Float Pool, CNA

Published

I have been trying to find a full time job right now, but really no luck. I have tried places from surgery, to central sterile tech, to even an environmental aide, but still I get denied. What's funny is that I have had 7 years experience working at a hospital, a first time job at a hospital of all places, and I still get denied. I don't understand what the employees are looking for, because I have plenty of experience in the healthcare field. What's funny is that I applied to the places even the hospital where I work at!

But after some thinking, I decided to apply for float pool. Why, because I have lots of experience in floating.

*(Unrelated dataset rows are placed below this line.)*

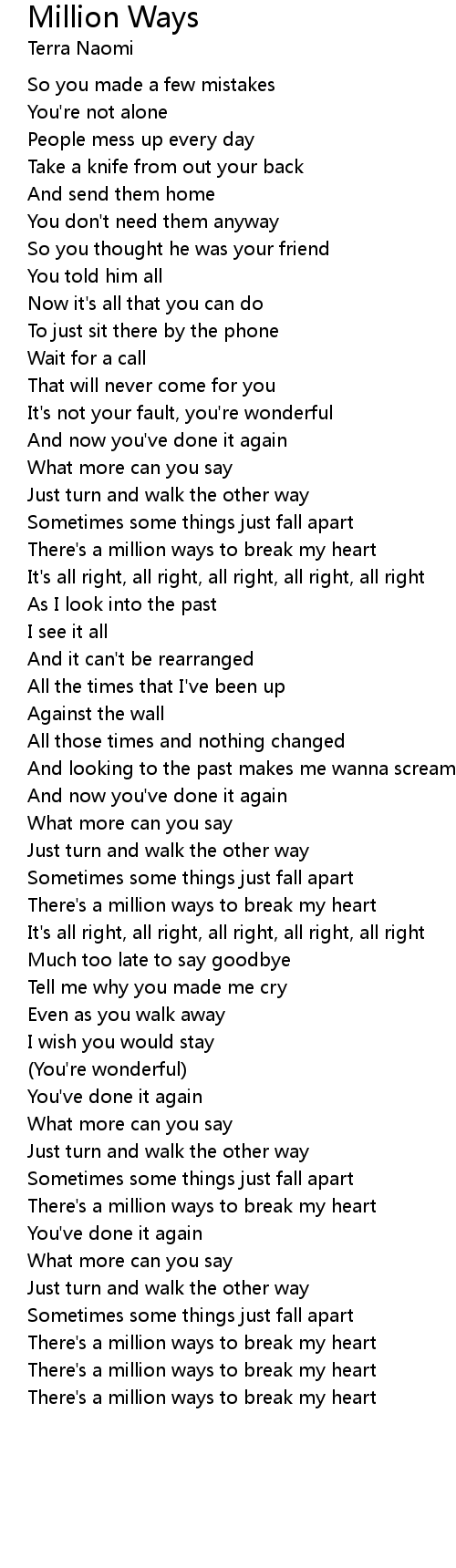 There's a million ways to break my heart |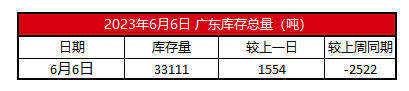 2023年6月6日广东电解铜库存【SMM数据】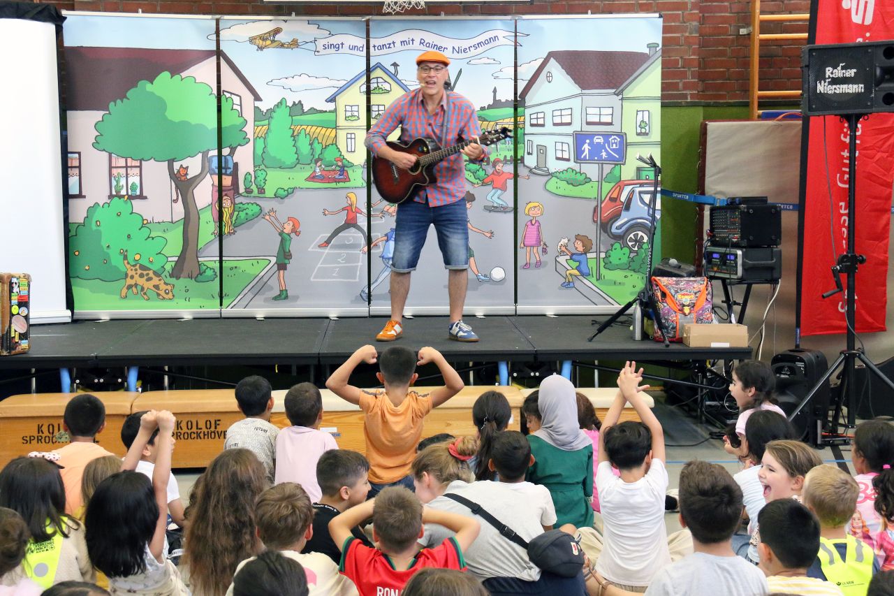 Zum Abschluss trat der Kinderliedermacher Rainer Niersmann mit seinen Liedern zum Verkehr und zur Verkehrserziehung vor den Kindern und dem Kollegium der Schule und unseren Mitarbeitern auf.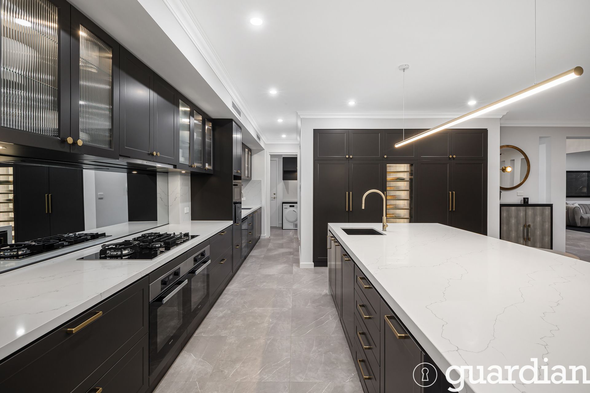An immediately striking entry foyer introduces a stunning, multi-zoned floorplan that flows seamlessly through to expansive outdoor entertaining spaces. Elevating everyday living, the home is equipped with a private lift providing effortless access between levels. The designer kitchen is a true showpiece, complete with a butler's pantry to conceal mess, premium Miele cooking appliances, a statement island bench and bespoke cabinetry. The ground floor offers a first-class master suite with a luxurious ensuite, ideal for guests or in-law accommodation, alongside a study, powder room, mud room and a stylishly appointed laundry.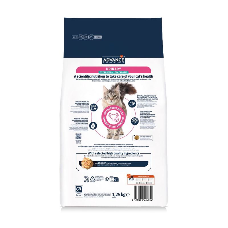 Advance Diets Cat Urinary Sterilized Low Calorie rappresenta una scelta ideale per i proprietari di gatti sterilizzati che desiderano offrire loro un'alimentazione completa e mirata alle loro specifiche esigenze nutrizionali, aiutandoli a mantenere una vita sana e attiva nel lungo termine.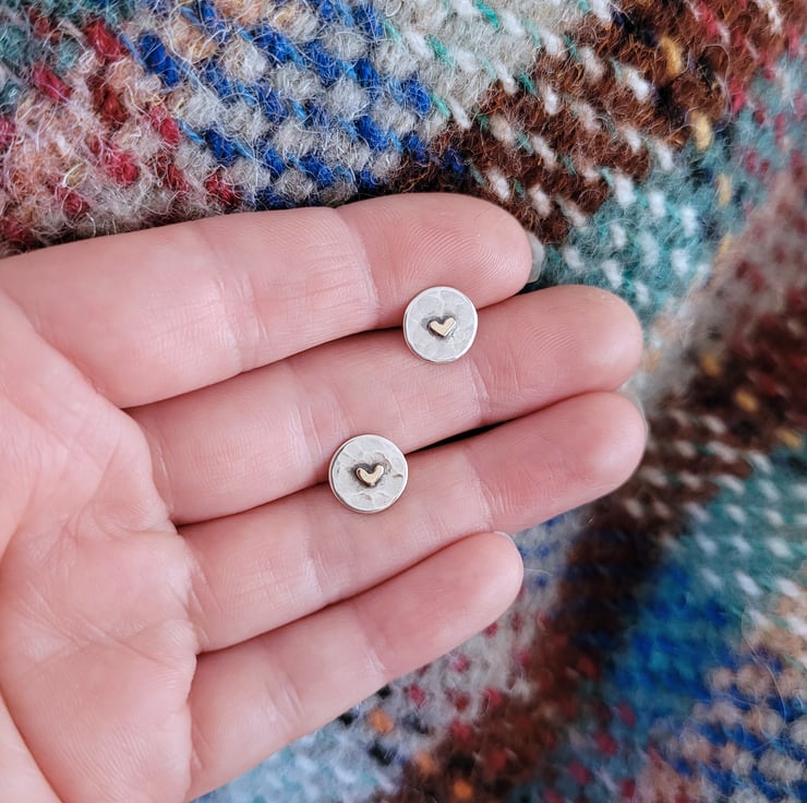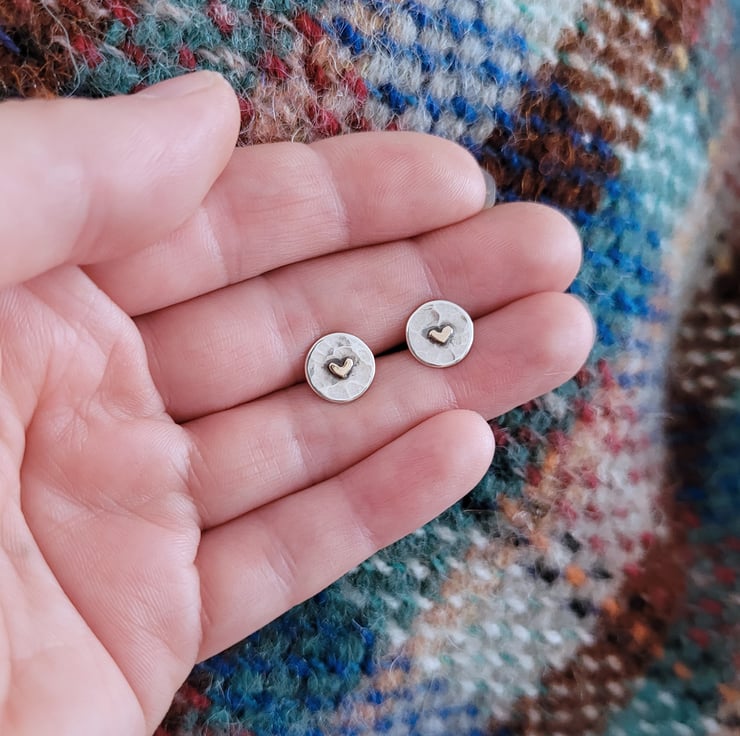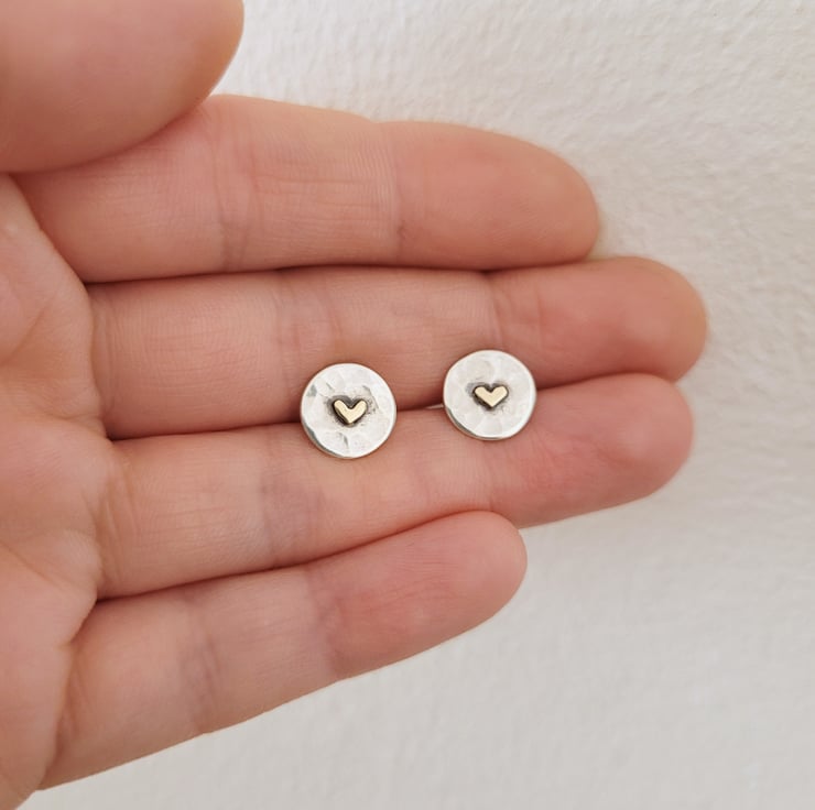 These tiny handmade sterling silver circle shaped stud earrings have been given a hammered texture and finished with recycled 9ct yellow gold hearts. The circles have been soldered onto sterling silver ear posts and come with sterling silver butterfly backs.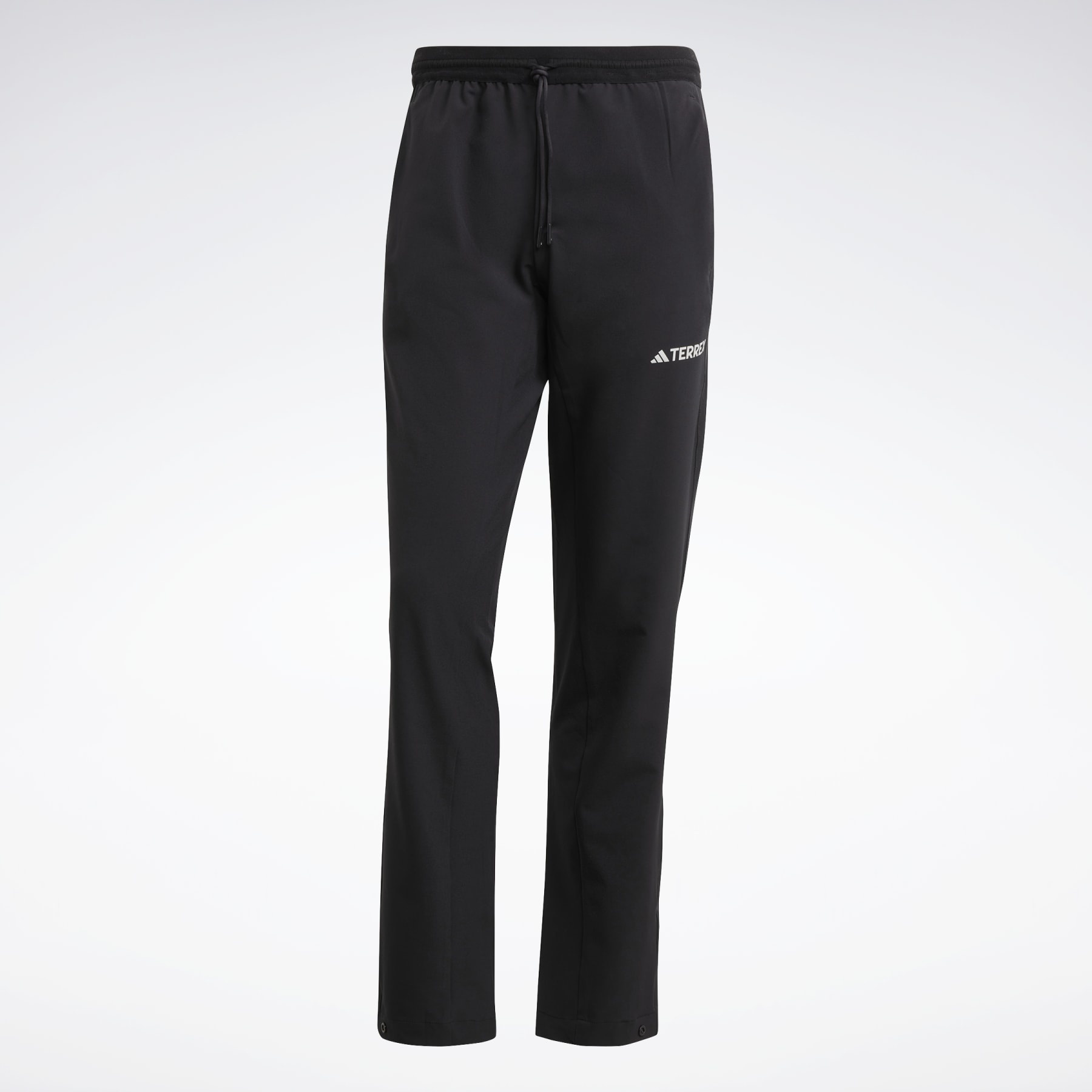 Hiking pants made in part with recycled materials. Explore an alpine meadow or scale a switchback with ease in these adidas hiking pants. An elastic waistband with a drawcord offers a customized fit, while the bottom hems can be snapped open or closed depending on the trail conditions. Versatile and functional, these pants are built for any mountain.Made with a series of recycled materials, and at least 70% recycled content, this product represents just one of our solutions to help end plastic waste. Details - Regular fit - Drawcord on elastic waist - 90% polyester (recycled), 10% elastane - Silicone print on waist - Side zip pockets - Snap-button adjustable hems - Imported - Product code: HN2953 - Product color: Black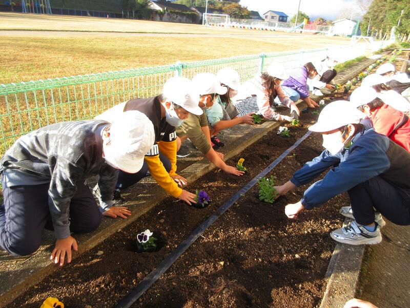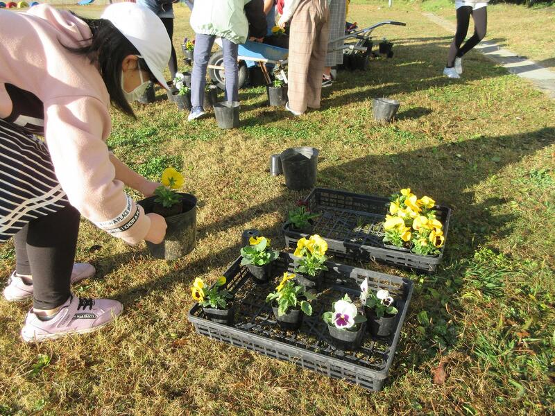 4年生の1人一花はパンジーです。黄色や白、紫などきれいな花が咲いていますが、花がずっと咲き続けるように、咲き終わった花は摘んでいくお世話があります。
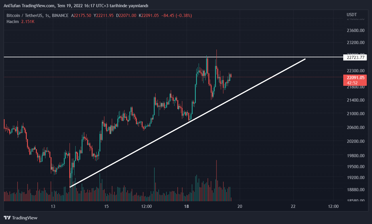 İlerleyen saatlerde tekrardan 22.700 dolara ulaşması beklenen BTC, bu seviyeyi de aşması halinde ise çok kısa bir sürede 30 bin dolara kadar yükselmesi çok olası gibi gözükmekte.

On my unit before I transitioned to another job, I was floated once every week to another unit. The first time I did that, it was hard, because the unit I worked at was a rehab unit, and it was a WHOLE different experience. In rehab, I only took vitals once every 12 hours and had to round. It was a laid back floor, even if it was busy. And I usually had a few patients, but when I floated, I had about 15 patients, and I had to take vitals every four hours, which was hard. I hated floating when I first started, but in time, I got in the routine of it, and there were times where I wanted to float instead of being on my unit. Especially days on weekend, because I had to get almost all of my patients ready for weekend therapy, and it was pretty bad. That's one of the reasons why I will NOT work as a day cna anymore.

For a while, I have been debating whether to apply for night shift again because of float pool. And today, I decided to apply, because I think floating is the best thing for me right now.

Having to go through it already many times, I have lots of experience floating days and nights, and I think it's better for me to experience different things.

Even going to another department in my unit, I just feel that I'm not going anywhere anymore. I feel like I have been taken advantage of by my supervisor, because I have worked so hard and it doesn't seem to matter to her. She always feels like I have to do something and orders me around, and not in a nice way. She can be nice if she HAS to, but otherwise I don't want to work for her anymore. I feel like being on both sides of the unit isn't enough for me anymore, and my heart's not into it.

For floating, I know there's risks of being on the floor all by myself, as I have experienced it many times. Yes, I do feel bad that I can't give the best of care, but now I understand I must do what I can. If something wrong happens, I did what I could, and they can't take the blame on me. If it's fully staffed, then that's another story. Plus, there's risk that they will give me the crappy assignments, but hey, who said any work was going to be easy?

I know that the hours may not be available, but for now that's not an issue, until something happens. But I know for a fact that they need people right now.

The big plus side for me,is that I am already there working at the hospital, so there's a greater chance that I will get the position, and I already know most of the hospital.

Another factor is that I don't have to answer to anyone but the hospital. Honestly, I am a person who wants to work and go home, and I don't like all the group stuff, like taking pictures, hanging out with staff in and out of work, gossip, and the drama/politics. I like to talk to co workers, but most of the time most of them just talk a lot and I don't like engaging with that. I just want to do my work, and go home.

I do hear that I can make my own schedule, and that will come in handy for me, because I do plan on taking a trip some where and with my current job, I don't think that's possible.

The pay is a lot better too, so as I hear. I really need a higher paying job again as I got a car, and I want to get some kind of affordable health insurance. I know they may not provide benefits, but if I can get something, then that's something for me.

Sitting, the best thing about floating. Watching a patient for 12 hours is something I like to do. One on one care for me is easier, as I only have to focus on the one patient. I know I may be pulled over to other units, but I feel like I like to work at different places.

I feel this is the right move for me, because of my experiences in the past. And I do feel confident about it. I know there will be hard days but at some point we have to grow up.

If any cna has been in float pool, can you tell me your experiences?